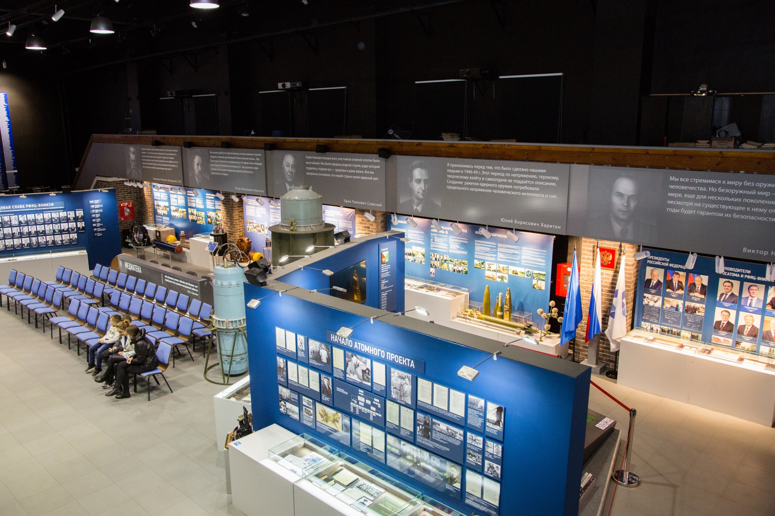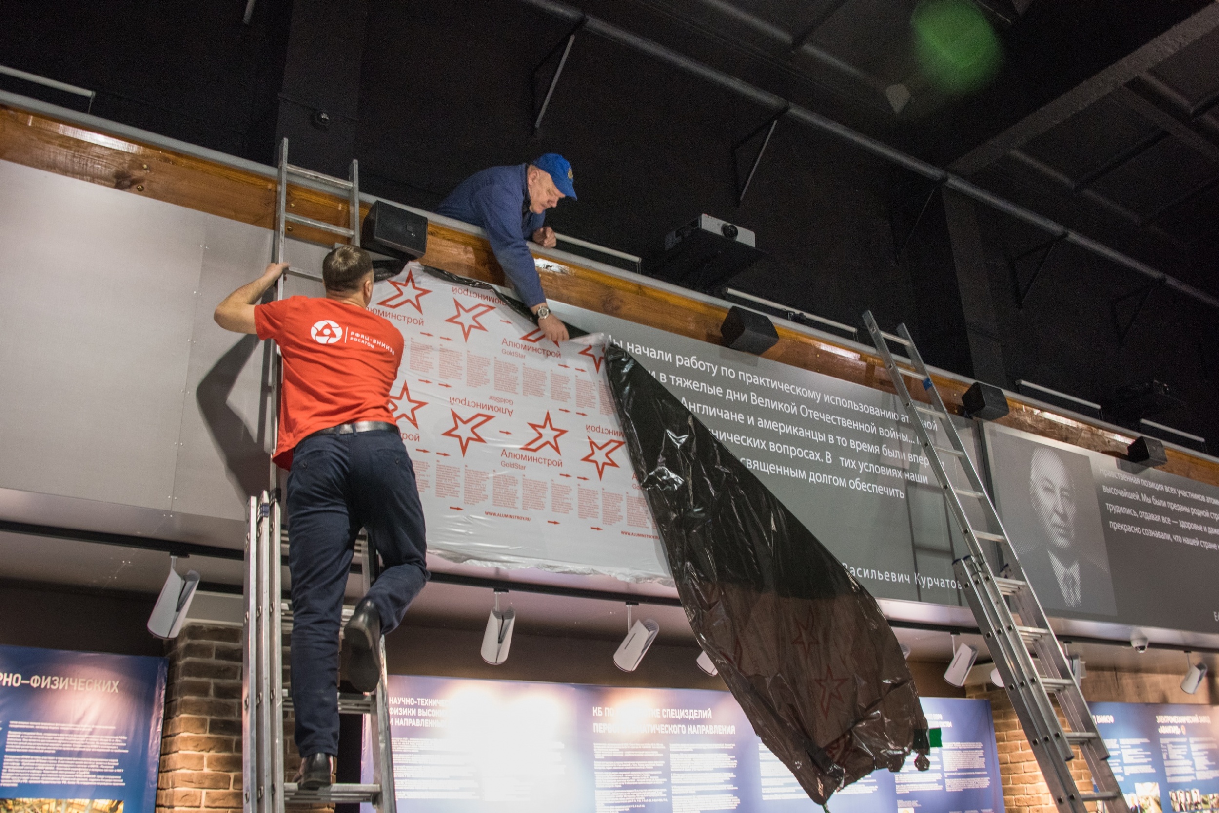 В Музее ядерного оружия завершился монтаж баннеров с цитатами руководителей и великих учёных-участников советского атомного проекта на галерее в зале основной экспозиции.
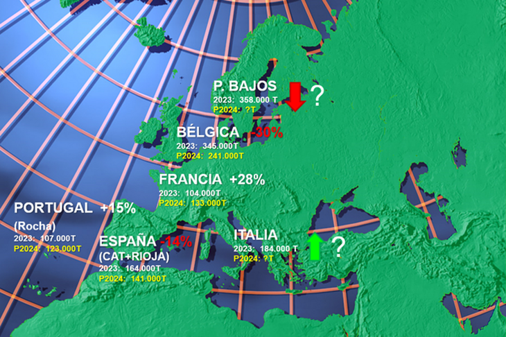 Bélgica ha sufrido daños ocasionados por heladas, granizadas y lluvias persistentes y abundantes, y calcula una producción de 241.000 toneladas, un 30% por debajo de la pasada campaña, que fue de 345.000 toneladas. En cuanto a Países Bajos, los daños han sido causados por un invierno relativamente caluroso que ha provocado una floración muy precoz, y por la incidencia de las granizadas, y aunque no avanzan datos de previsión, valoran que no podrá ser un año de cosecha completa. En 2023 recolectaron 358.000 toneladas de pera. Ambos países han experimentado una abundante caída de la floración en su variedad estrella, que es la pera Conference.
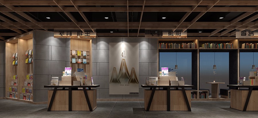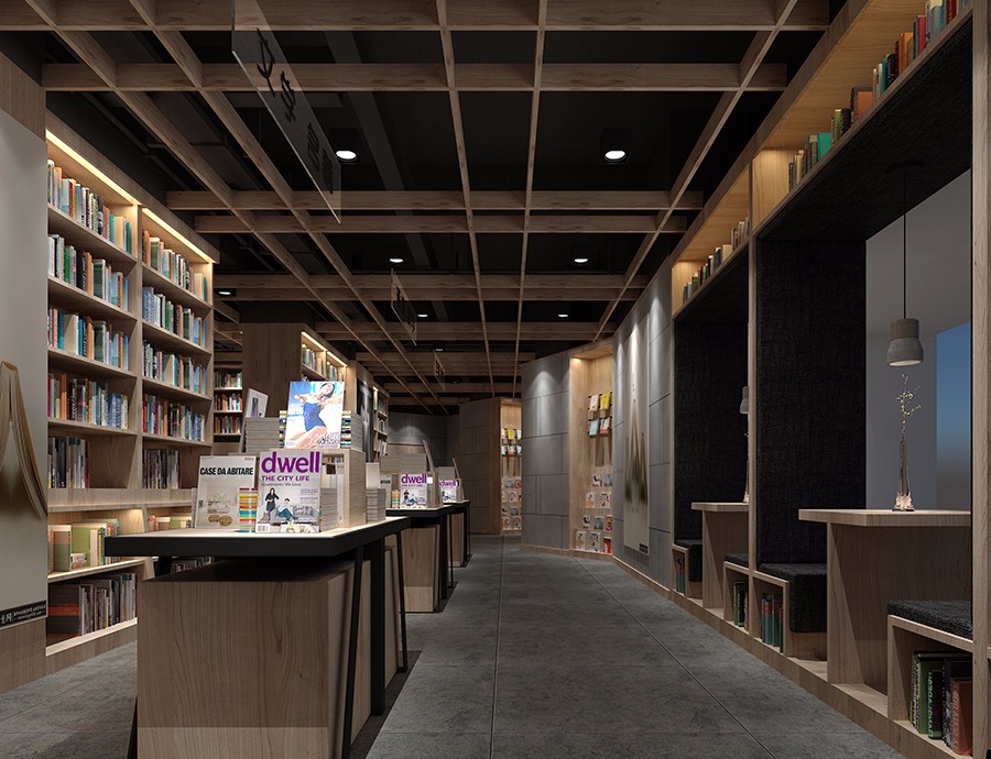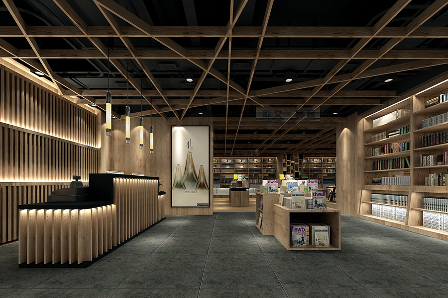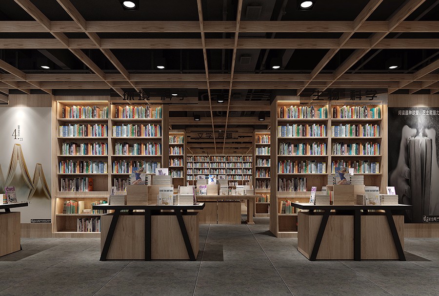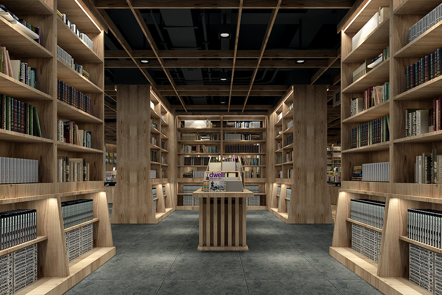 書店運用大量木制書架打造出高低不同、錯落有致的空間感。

TASK DESCRIPTION | Return the material verbatim; the images are not to appear in the copy.

ANSWER TO THIS EXERCISE |
 В Музее ядерного оружия завершился монтаж баннеров с цитатами руководителей и великих учёных-участников советского атомного проекта на галерее в зале основной экспозиции.
 Bélgica ha sufrido daños ocasionados por heladas, granizadas y lluvias persistentes y abundantes, y calcula una producción de 241.000 toneladas, un 30% por debajo de la pasada campaña, que fue de 345.000 toneladas. En cuanto a Países Bajos, los daños han sido causados por un invierno relativamente caluroso que ha provocado una floración muy precoz, y por la incidencia de las granizadas, y aunque no avanzan datos de previsión, valoran que no podrá ser un año de cosecha completa. En 2023 recolectaron 358.000 toneladas de pera. Ambos países han experimentado una abundante caída de la floración en su variedad estrella, que es la pera Conference.
 書店運用大量木制書架打造出高低不同、錯落有致的空間感。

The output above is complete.